Latin America struggles with Transition to Renewable EnergyLatin American countries are facing a complex struggle for the energy needs of rapid growth and the need to fight, climate change, energy experts and the World Economic Forum on Latin America reconcile, said recently.

With many economies booming rapidly in the region and the consumption of fossil fuels, the government "courage" have to continue working on the introduction of alternative low-carbon energy sources such as wind or biofuels. "The task is to change the energy system is the foundation of modern civilization," says Thore E. Kristiansen, senior vice president of the Norwegian oil company Statoil.

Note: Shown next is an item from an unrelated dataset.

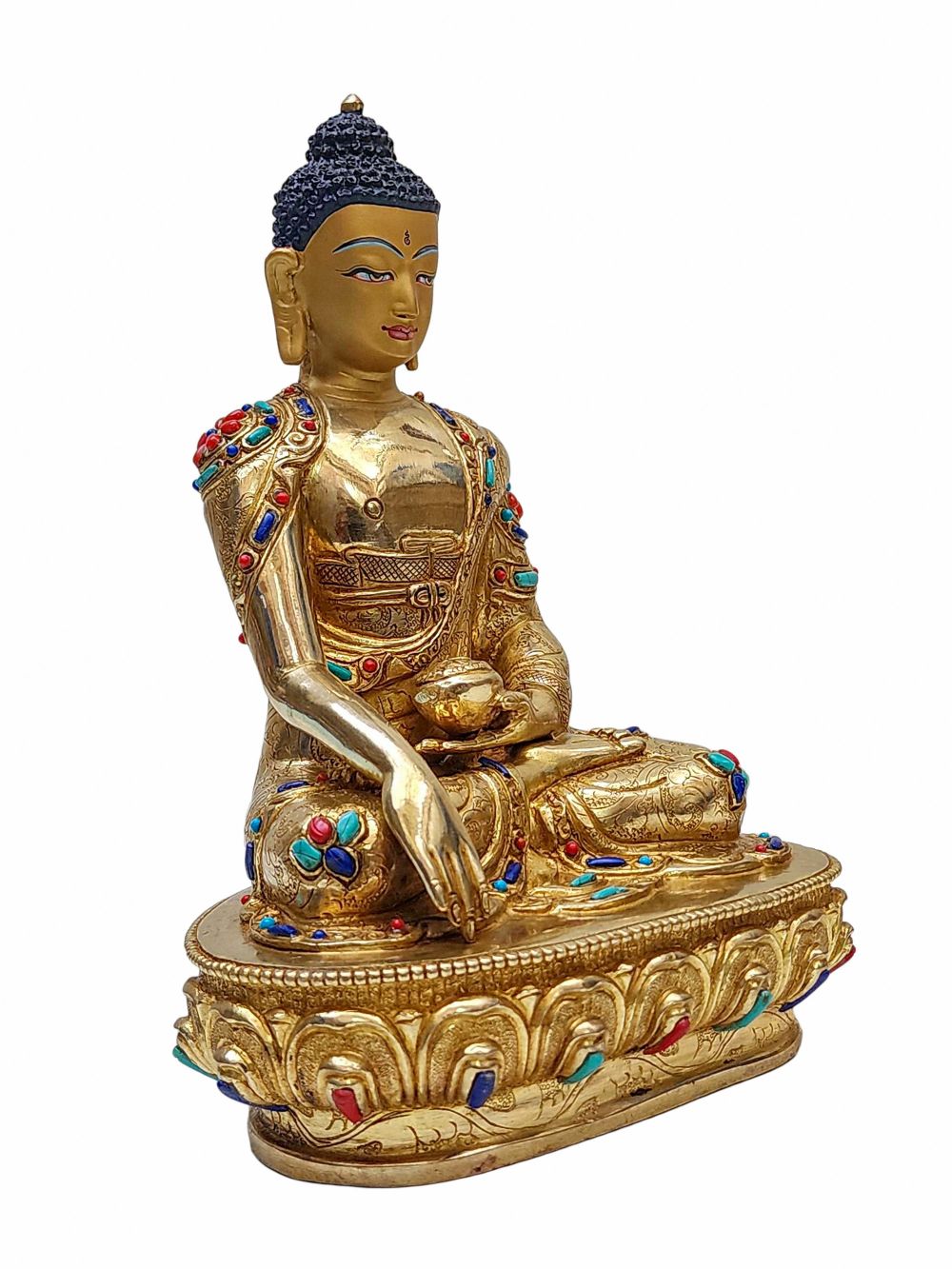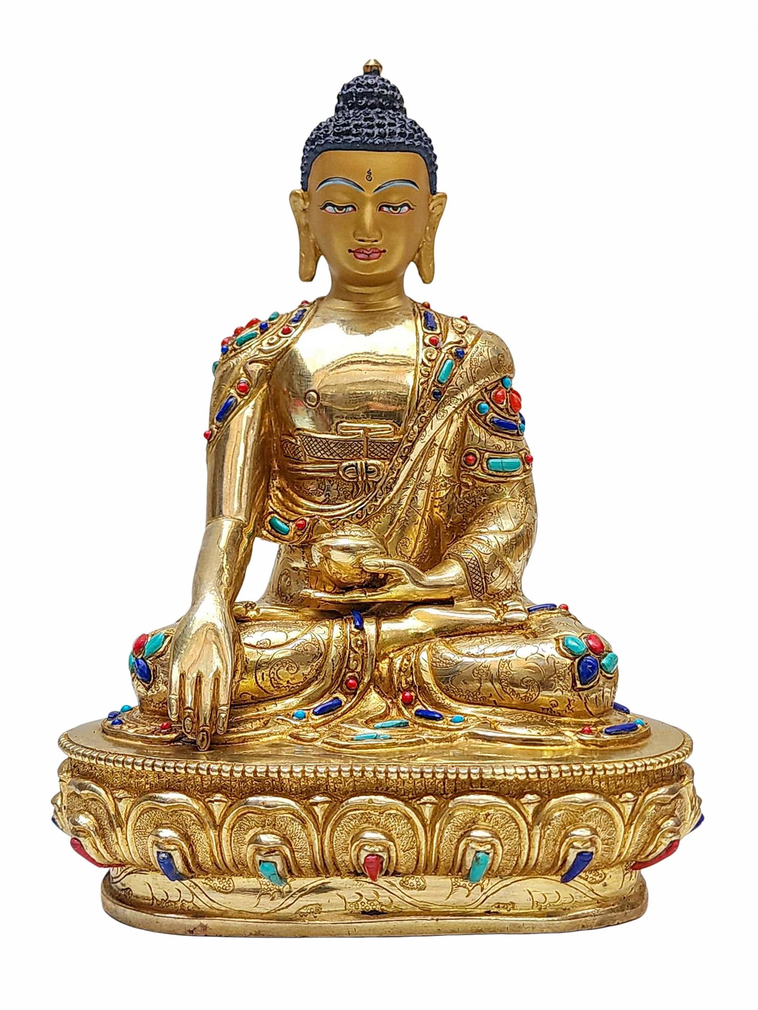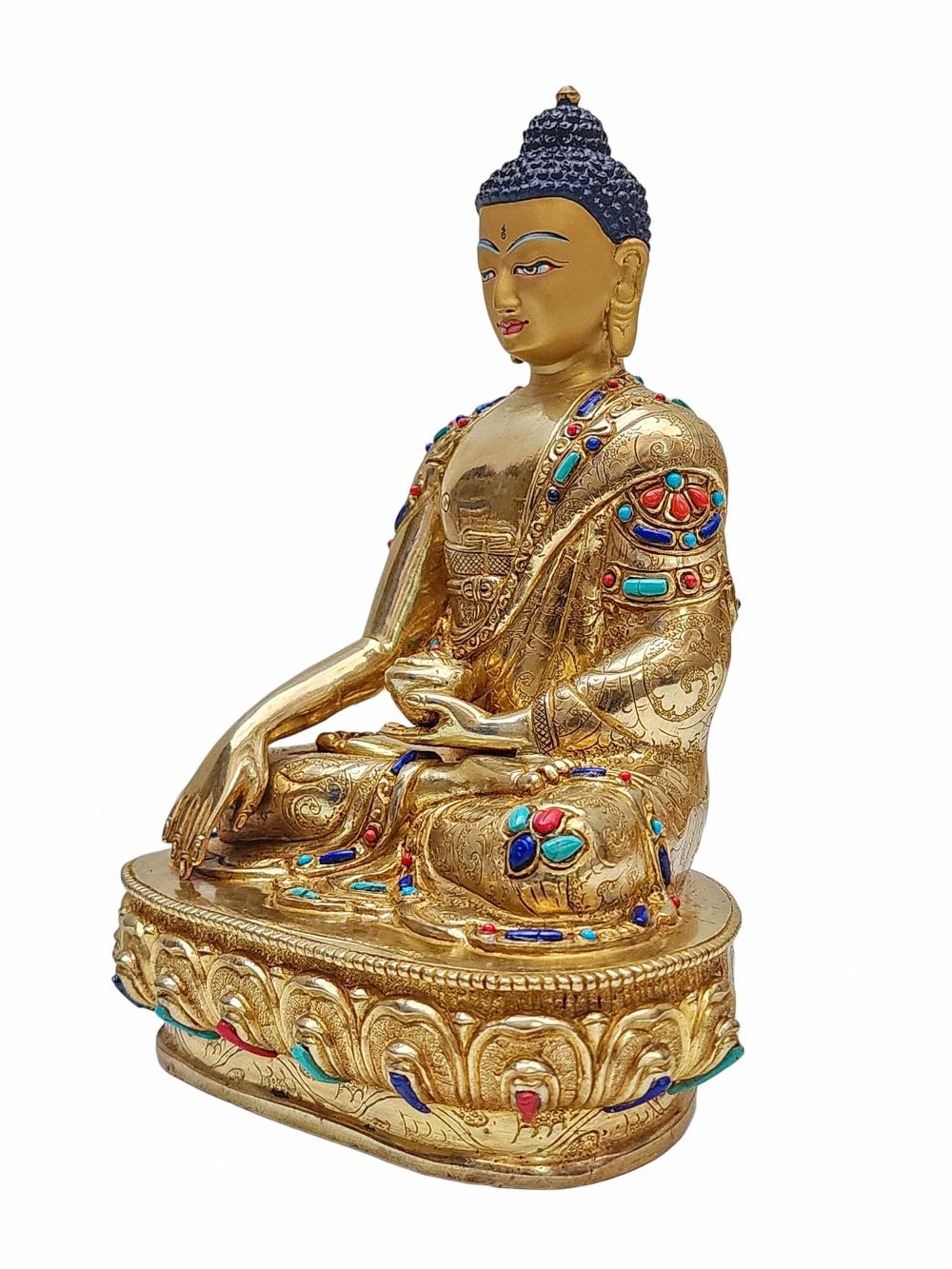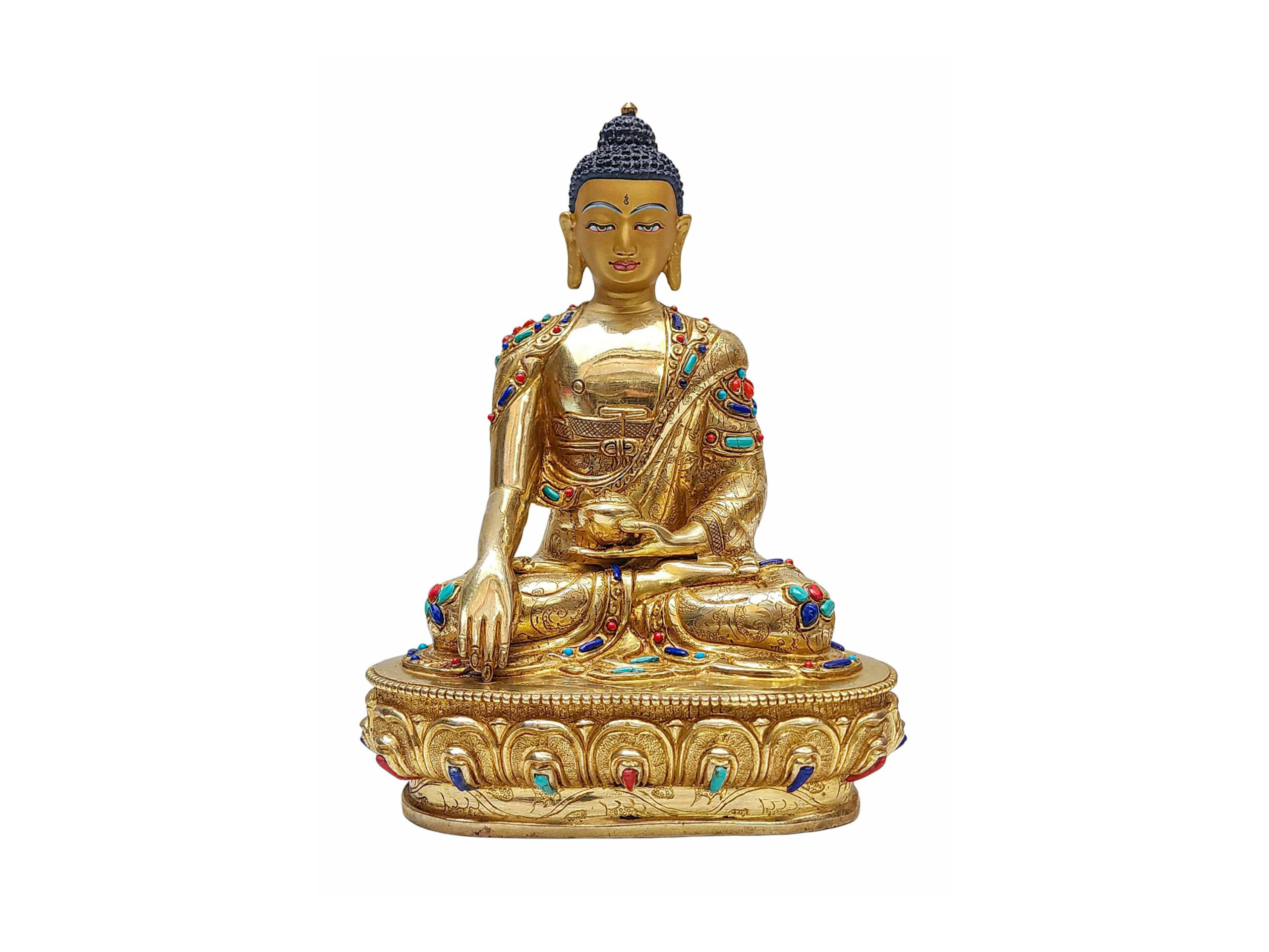 Shakyamuni Buddha Statue – Handmade Copper Sculpture with Full Gold Plating, Stone Inlay, and Gold-Painted Face

Kristiansen stated that while oil play an important role in the global energy mix, companies and governments should cooperate in the search for renewable alternatives. "The task is too big for a company, country or an organization."

Eduardo Estrada, President of Latin America and the Vice-President, Human Nutrition and Health, DSM Produtos Nutricionais Brazil, said it was imperative that a balance between the use of conventional fossil fuels and pioneer new forms of alternative energy can be produced economically. "The trick is finding the balance. Are alternative resources," he said. But the recent discovery of large and profitable "pre-salt" oil reserves off the southeast coast of Brazil, the debate on the continuing role of fossil fuels made especially difficult, said Kellie Meiman, CEO of McLarty Associates, USA.

Mauricio Tolmasquim, the president of Brazil's Energy Research Company (EPE), the Ministry of Mines and Energy, said he believed that Brazil was able to strike a balance between investments in renewable energies and the recovery to reach the billions of barrels of oil from the land located southeastern coast.